*** DATA FOR REVIEW
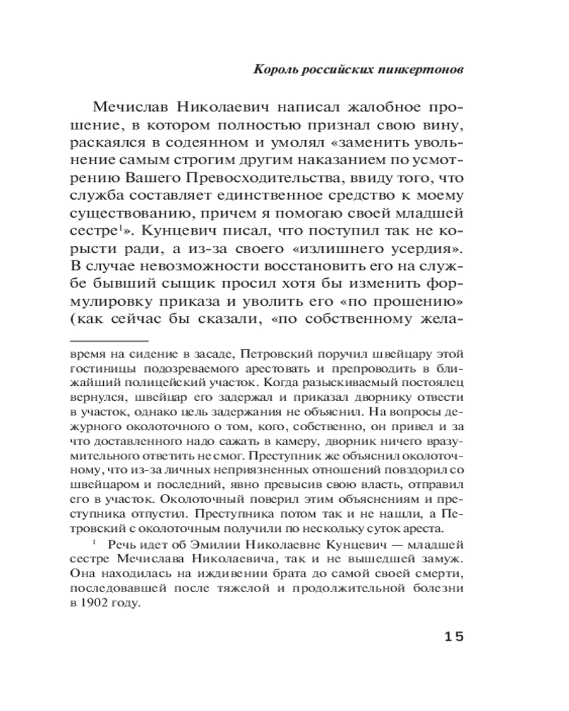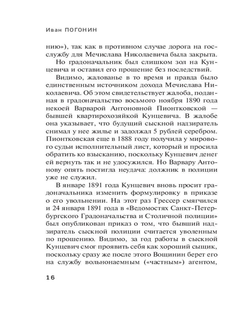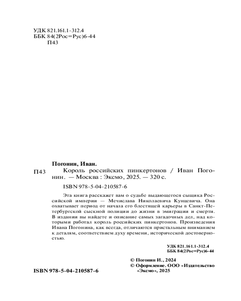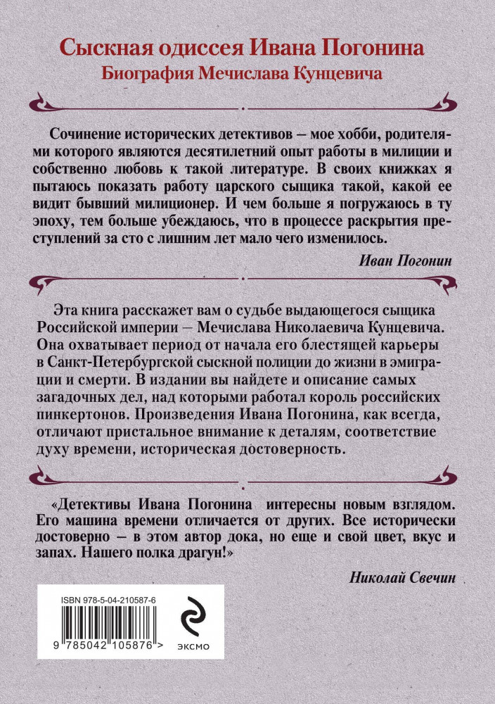 Король российских пинкертоновВ данный момент этот товар отсутствует в продаже. Возможно, у нас найдется аналогичный или похожий товар здесь. Серия: Сыскная одиссея. Исторические детективы Ивана Погонина Эта книга расскажет вам о судьбе выдающегося сыщика Российской империи — Мечислава Николаевича Кунцевича. Она охватывает период от начала его блестящей карьеры в Санкт-Петербургской сыскной полиции до жизни в эмиграции и смерти. В издании вы найдете и описание самых загадочных дел, над которыми работал король российских пинкертонов. Книга основана на архивных материалах и свидетельствах современников. |
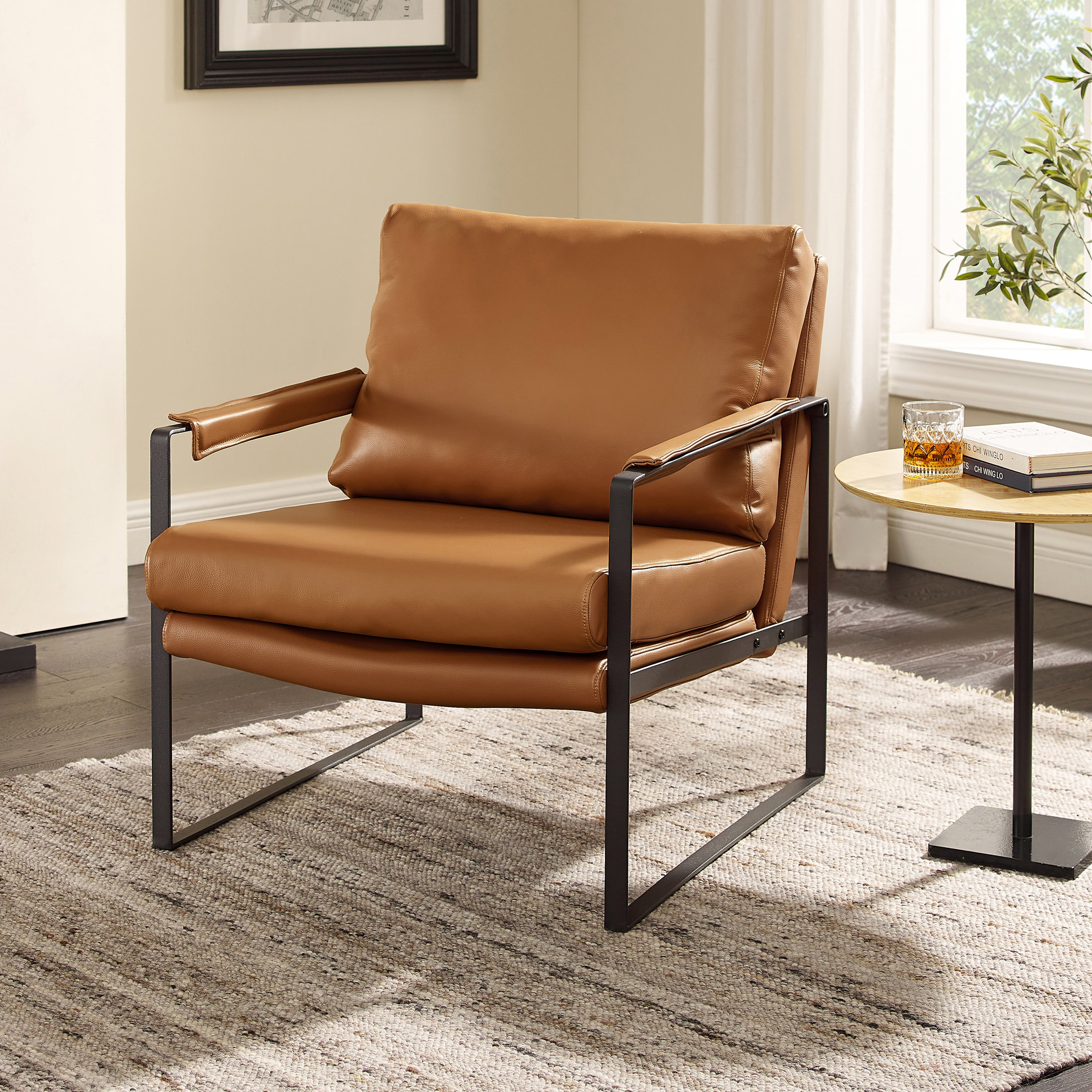 Discover the Mirsade 27.09'' W Leather Upholstered Accent Armchair, perfect for adding mid-centur...read more
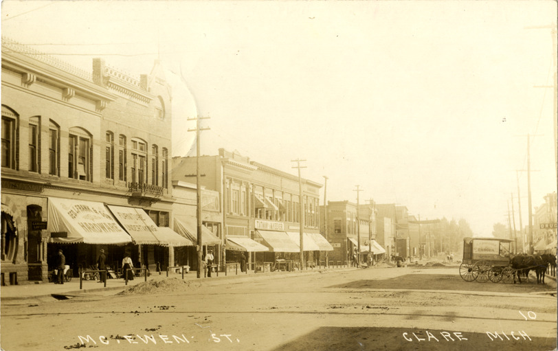 View of commercial buildings on McEwan St. in Clare, Michigan. Printed on front: "McEwen [sic] St., Clare, Mich." Handwritten on back: "All well. Going to Robs and the lake today if it doesn't rain. Will come home by the Cornwell farm. Father." Card is postmarked August 22, 1911.
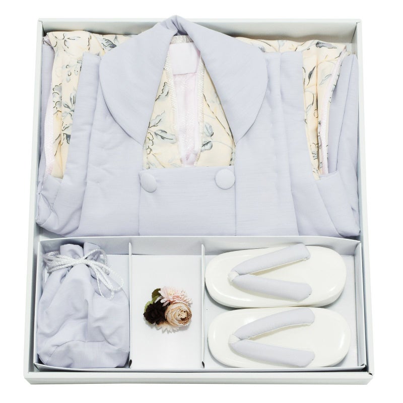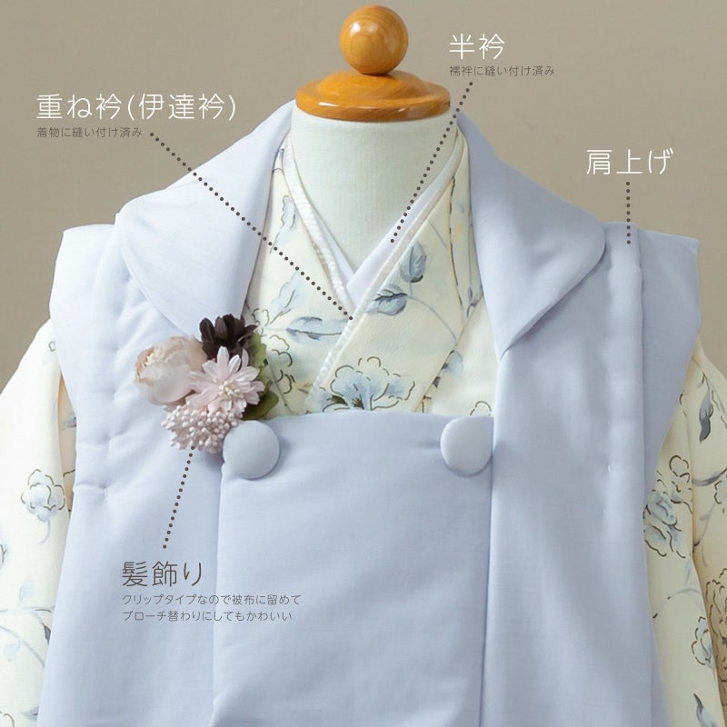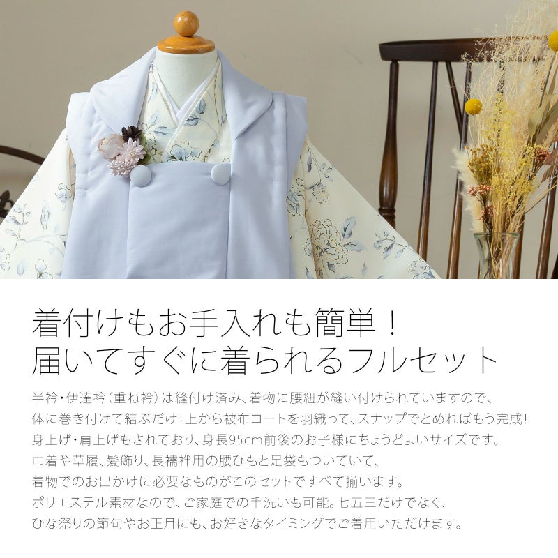 長襦袢・半衿(縫い付け済)・着物(腰ひも付き)・重ね衿(縫い付け済)・被布コート・巾着・草履・髪飾り・化粧箱のセットです。
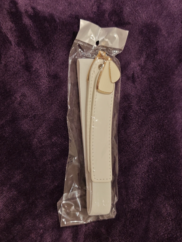 Selling a new white elastic belt! It's still in its original packaging. The belt has a gold-tone buckle and a white elastic band. Perfect for adding a touch of style to any outfit!
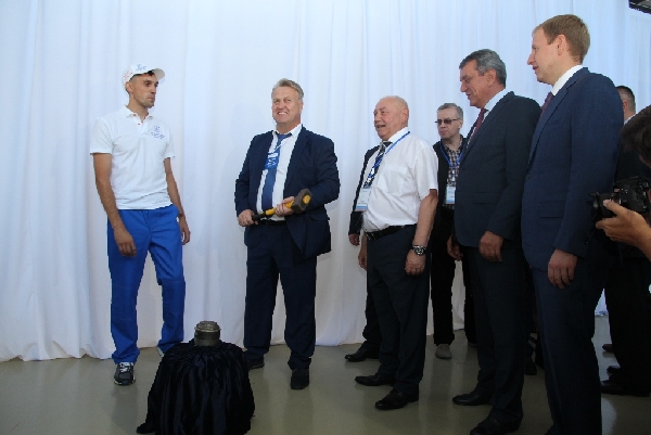 Почетное право дать символический старт работы новой производственной линии выпало первому заместителю генерального директора предприятия «КАМАЗ» Юрию Герасимову, который ударом кувалды отчеканил памятную монету с эмблемой завода.
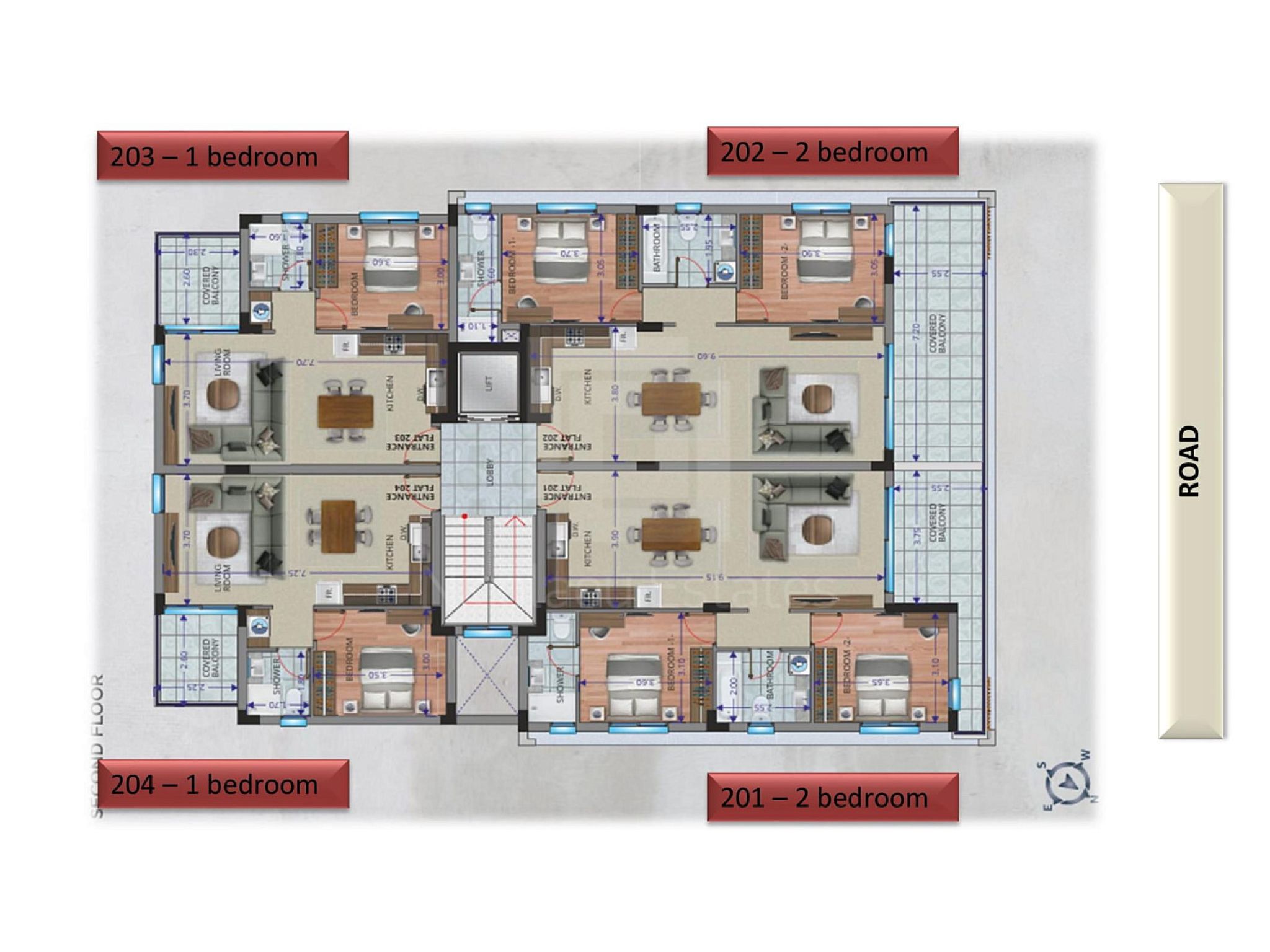 Τα διαμερίσματα βρίσκονται στον 2ο όροφο και προσφέρουν σύγχρονο σχεδιασμό, άνετους χώρους και υψηλής ποιότητας φινιρίσματα, εξασφαλίζοντας άνετη και ποιοτική διαβίωση.
******
WORK INSTRUCTION>
From the records above, write out exactly the lines that begin at the line with "Discover the Mirsade" and end at the line with "Selling a new". Pictures must not appear in the output.

EXERCISE ANSWER>
 Discover the Mirsade 27.09'' W Leather Upholstered Accent Armchair, perfect for adding mid-centur...read more
 View of commercial buildings on McEwan St. in Clare, Michigan. Printed on front: "McEwen [sic] St., Clare, Mich." Handwritten on back: "All well. Going to Robs and the lake today if it doesn't rain. Will come home by the Cornwell farm. Father." Card is postmarked August 22, 1911.
 長襦袢・半衿(縫い付け済)・着物(腰ひも付き)・重ね衿(縫い付け済)・被布コート・巾着・草履・髪飾り・化粧箱のセットです。
 Selling a new white elastic belt! It's still in its original packaging. The belt has a gold-tone buckle and a white elastic band. Perfect for adding a touch of style to any outfit!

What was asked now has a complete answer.